The emergency room staff was brought back soon after the hospital was evacuated to work in tents set up in a parking lot. Then Charity moved to tents set up in the Convention Center. Then the tents were moved into the old Lord and Taylor's upscale department store in a mall next to the Superdome.

In May the tents were replaced with office dividers which created more room for staff and more privacy for patients, but the mirrored columns and faux marble walkways are sharp reminders of the still-temporary nature of the facility.

The new facility will allow the hospital to rehire about 1,100 of the employees laid off after Katrina, although staff levels will still be half of what they were before the storm.

That will pose a problem for the community at large.

"Our overall population is down but the need for assistance has risen," hospital spokeswoman Marcia Kavanaugh said, explaining that thousands of people who lost their jobs in the storm also lost their health insurance.

Right now, Charity's 725 employees are seeing about 4,500 patients a month compared with 6,000 a month when the system's hospitals had nearly 4,000 employees. Patients often wait 10 or 12 hours to be seen.

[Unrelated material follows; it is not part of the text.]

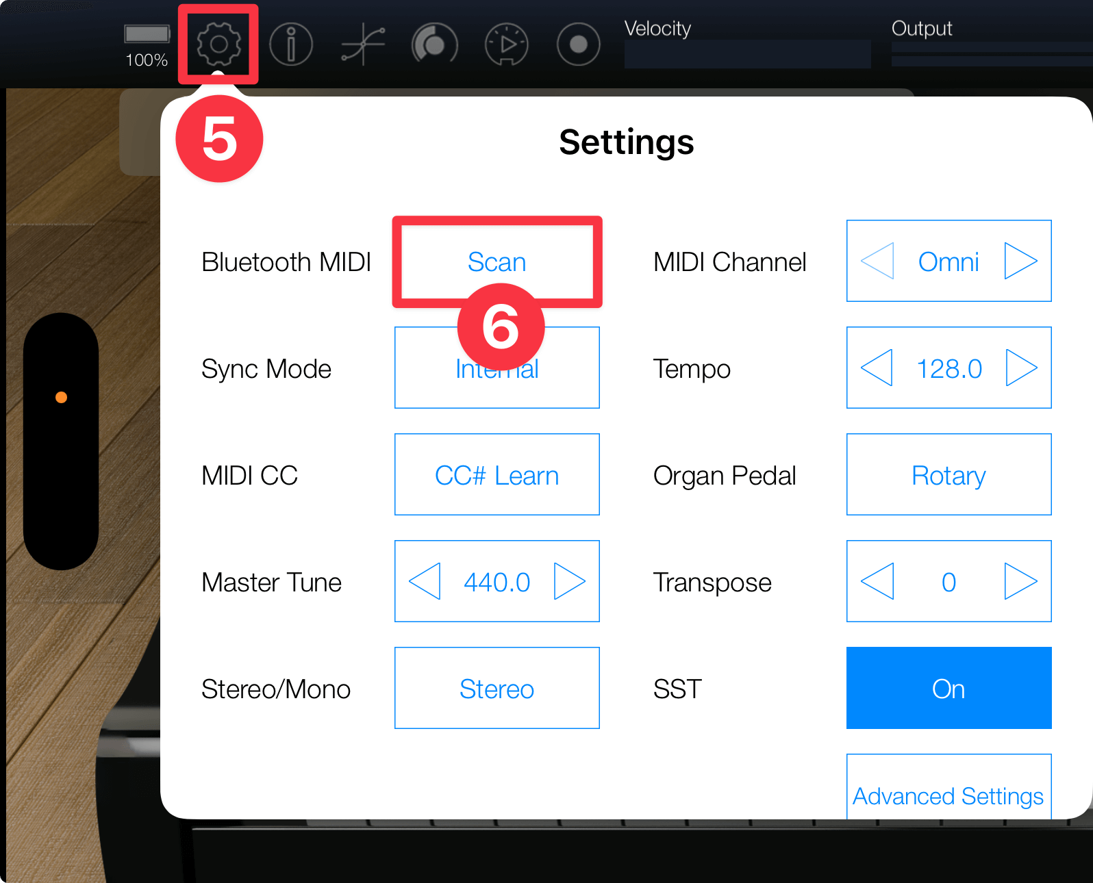 iOSデバイスでKORG Moduleを起動します。設定⑤をタップして、Bluetooth MIDIにあるScan⑥をタップします。

The staff is overworked and exhausted from dealing with their own problems, like gutting out flooded homes and dealing with the bureaucratic nightmare of insurance companies and government agencies.

"You see what's really important when you have to throw everything you own out on the corner," Pellagalle said. "Thank goodness we're here to help people. The people are coming back and they're sick."

Katrina swept ashore in the early morning of August 29, killing more than 1,300 people and flooding 80 percent of New Orleans.